- Money is in motion. “People are open to moving around their accounts,” Smith asserts. “For every one existing client, there are thousands of other well-qualified prospects; the odds of signing on some new accounts are very likely.”
- Turn growth into income. If your clients are already set with bonds, look for growth funds with a systematic withdrawal provision. Smith explains, “If you look at bar graphs and charts that mutual funds use in their sales literature, their ‘$10,000 turning into 2 million’ scenarios always begin in times like this.”
- Tout your financial conservatism. Take Smith’s colleague’s approach and say, “I was financially conservative when conservative wasn’t cool.”
- Put tax laws on your side. Smith says, “Consider using a systematic withdrawal on a tax-managed growth fund. Run a hypothetical on a tax-managed fund, plug in the tax rates and see what happens.”
- Look for bargain hunters. “There are actually some investors out there who have been saving their money for a time like this,” Smith says. “Find them and let them know that you are the person they should trust with their money.”
- Advice has risen in value.

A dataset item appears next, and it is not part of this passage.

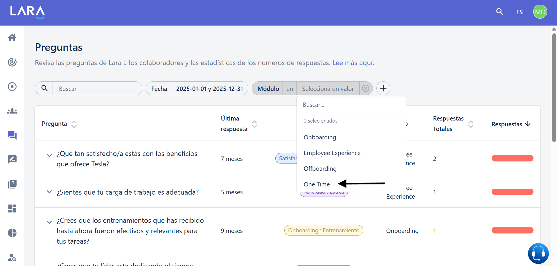 Para consultar las respuestas de estas preguntas One Time puedes hacerlo desde la sección Preguntas filtrando por el módulo One Time:

Smith points out, “After the dot.com bust, real investors would rather talk to you than call a toll-free number.”
- Look for the silver living. As people leave the industry, you pick up new accounts. “These new clients may come from a branch manager or from friends of your clients who have lost their advisor to sudden career change,” Smith says. “When the market turns, there will be more business for you.”